Landrat: Müssen weg vom Billig-Image

Landrat Hermann Hübner stellte fest, das der Stellenwert des Tourismus maßlos unterschätzt werde und sagte: „Wir kämpfen nicht gegen Windmühlenflügel.“ Staunen erregend war die Zahl, die Hübner für Fichtelgebirge und Bayreuth nannte: Dort würden dank des Fremdenverkehrs 750 Millionen Euro umgesetzt. Was Hübner zuwieder ist, hörte man auch deutlich: „Das tolle Preis-Leistungsverhältnis - ich kann es nicht mehr hören.“ Oberfranken habe ein Billigregion-Image, doch „Billigpreise sind von gestern“. Das Ziel müsse ein Ganzjahres-Tourismus sein. In der Fränkischen Schweiz etwa sei zwischen Oktober und März eher wenig los, „dann kommen die Osterbrunnen, und dann läuft’s“.
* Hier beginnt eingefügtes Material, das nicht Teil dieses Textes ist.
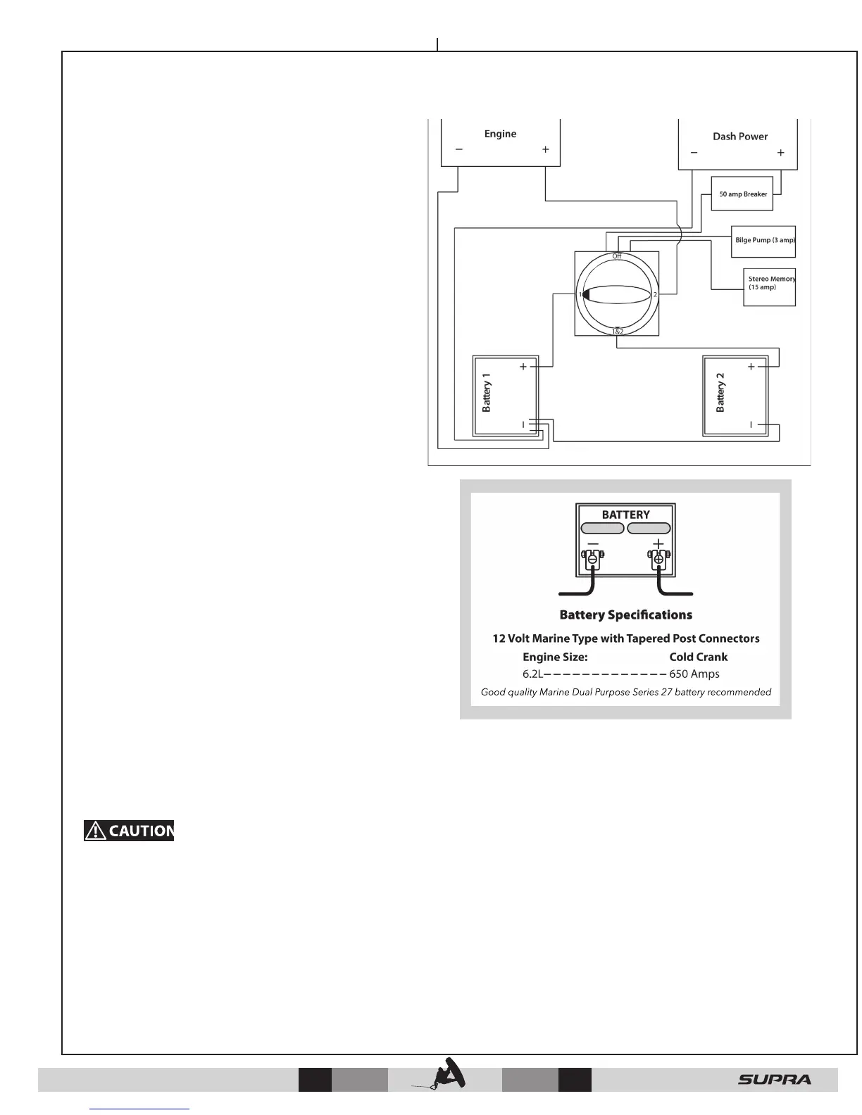 Battery switch position “1&2” is available but not recommended as power will be drawn from both batteries and the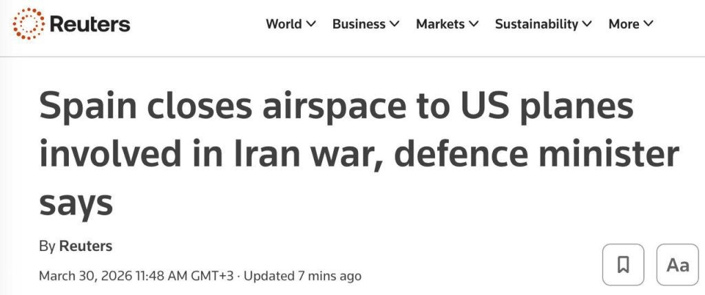 Испания закрыла своё воздушное пространство для американских самолётов, участвующих в ударах по Ирану. Об этом заявила министр обороны Маргарита Роблес. По её словам, Мадрид также не разрешает использование военных баз для любых действий, связанных с войной против Ирана, за исключением чрезвычайных ситуаций. «Мы не разрешаем ни использование военных баз, ни использование воздушного пространства для действий, связанных с войной в Иране» — подчеркнула Роблес. Министр экономики Карлос Куэрпо заявил, что это решение является частью линии испанского правительства — не участвовать и не содействовать войне, которая была начата в одностороннем порядке и в нарушение международного права. Премьер-министр Педро Санчес ранее уже называл удары США и Израиля по Ирану безрассудными и незаконными. На этом фоне президент США Дональд Трамп пригрозил Мадриду сокращением торговли, что ещё больше обострило отношения между союзниками по НАТО.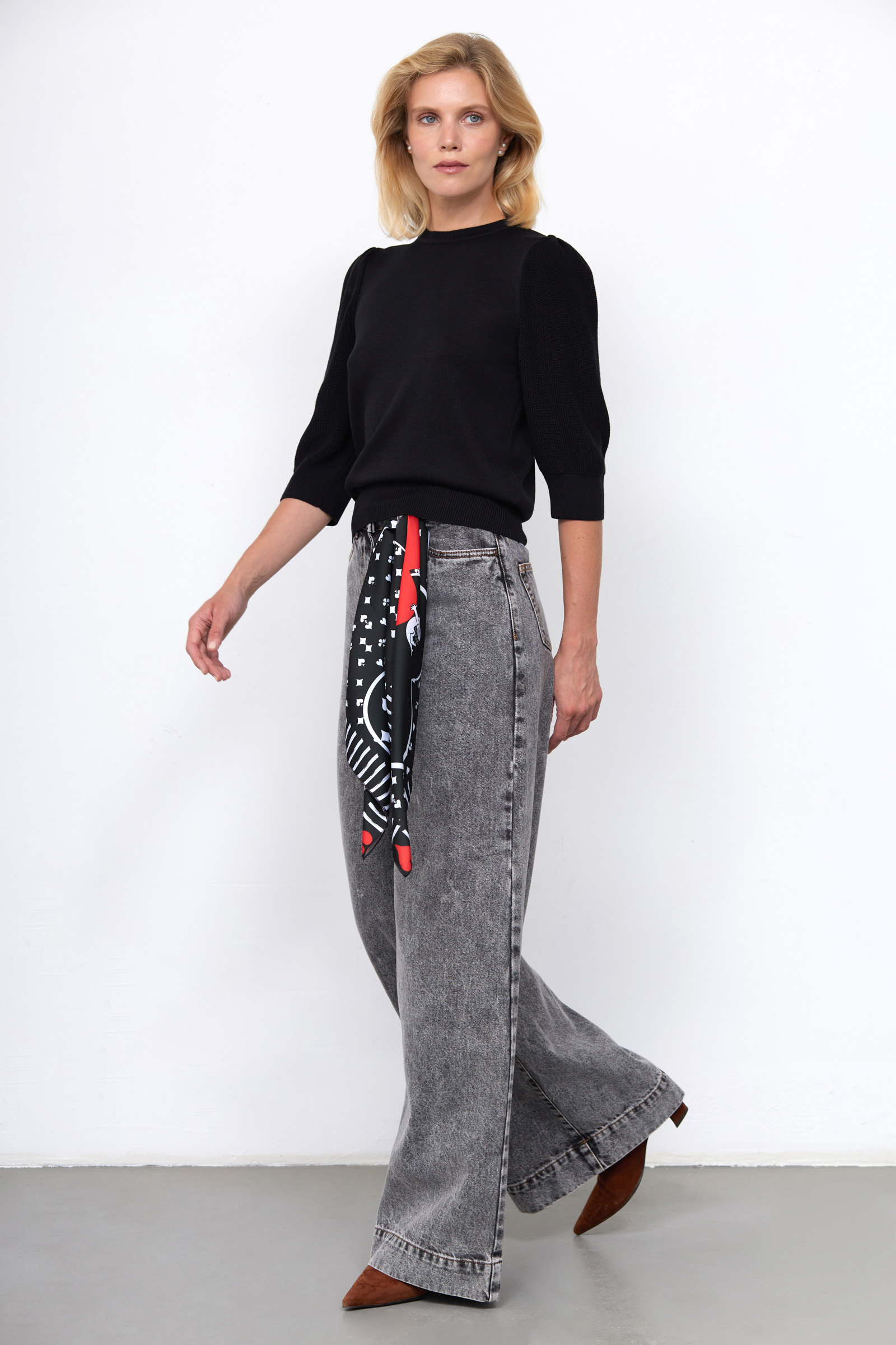 Широкие джинсы из мягкого денима с вареным эффектом и контрастными отстрочками.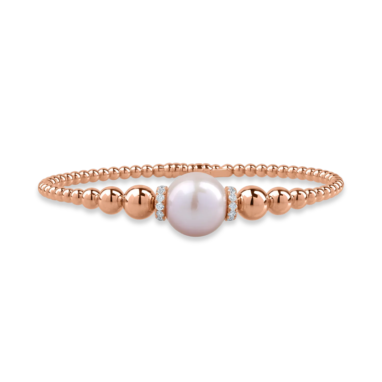 Bratara din aur roz cu perla de cultura de 14.5ct si diamante de 0.25ct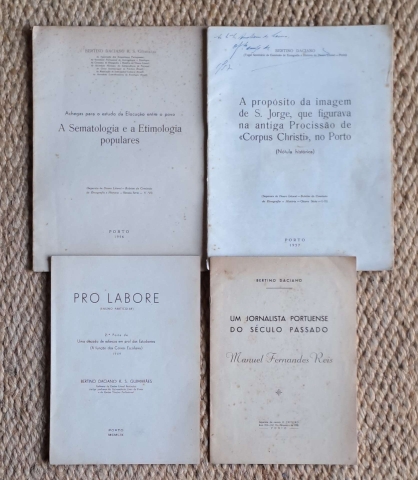 DACIANO, Bertino - A propósito da imagem de S. Jorge, que figurava na antiga Procissão de «Corpus Christi», no Porto. (Nótula histórica). (Separata de Douro Litoral - Boletim da Comissão de Etnografia e História - Oitava Série - I-II). Porto, 1957. B.; 11 págs.+ 8 fls. extratexto com ilusts.; 250 mm. Com dedicatória do autor. E um ex-libris do proprietário do exemplar.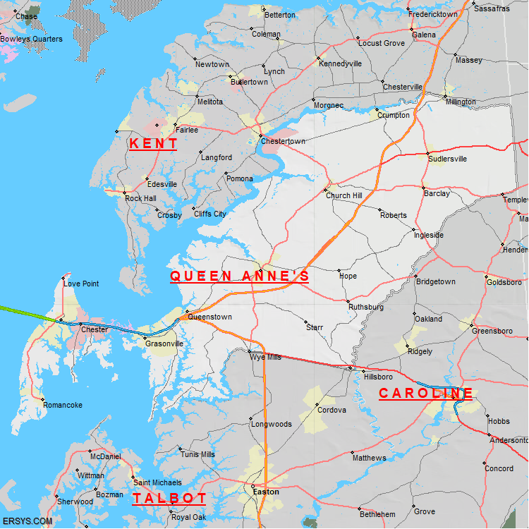 Queen Anne's County, MD (shown in white) has 371.67 mi² of land area and 139.03 mi² of water resources. The county is bordered by: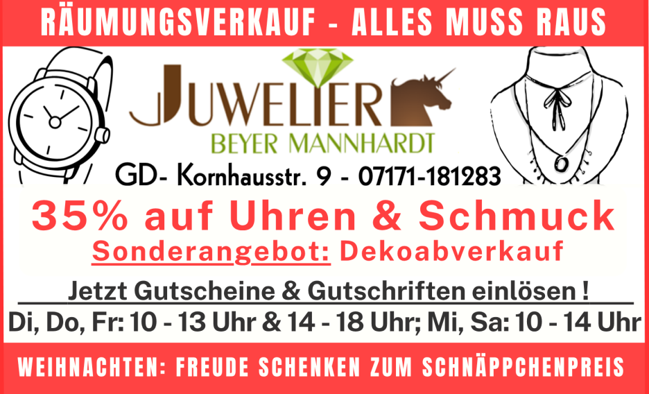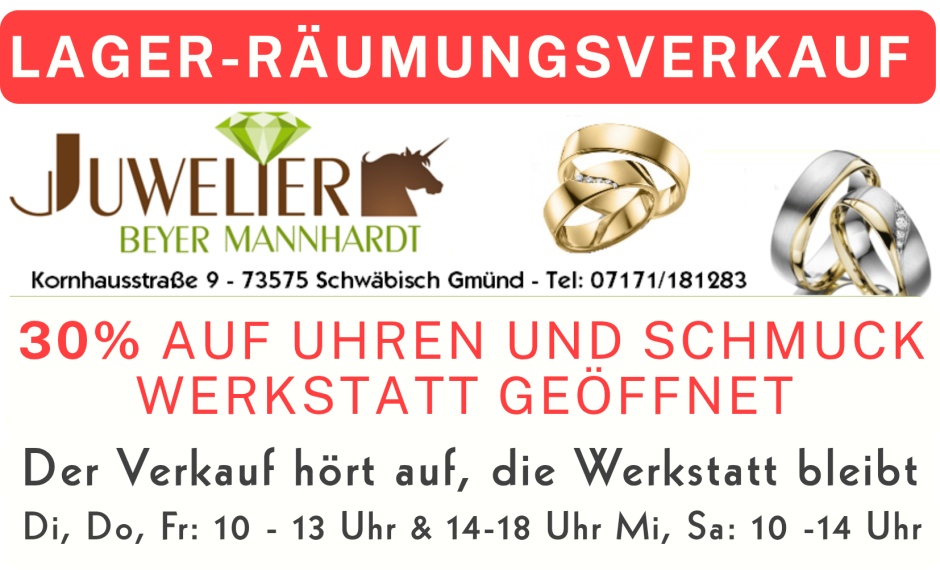 #Räumungsverkauf #Ausverkauf #Sale #Schäppchen #Rabatt #Prozente #Uhren #Schmuck #Batteriewechsel #Schmuckreparatur #beyermannhardt #Veränderungen #schwäbischgmünd #schwaebischgmuend

Ob die Wirtschaftsvertreter in den zwei Stunden die Probleme und Potenziale der Oberfränkischen Wirtschaft durchdrungen haben? Es durften zum Ende hin Fragen aus dem Publikum gestellt werden. Ein Zuhörer nannte die Zahl von zehn Thermen in der Umgebung, die weltweit vielleicht höchste Thermendichte - „ein Hammerargument“. Für den Tourismus, meinte er vermutlich. Dabei belegt es vor allem die Feststellung, dass Oberfrankens Tourismusziele nach wie vor zur Kirchturmpolitik neigen und Thermen auch dort bauen, wo nicht unbedingt großer Bedarf ist.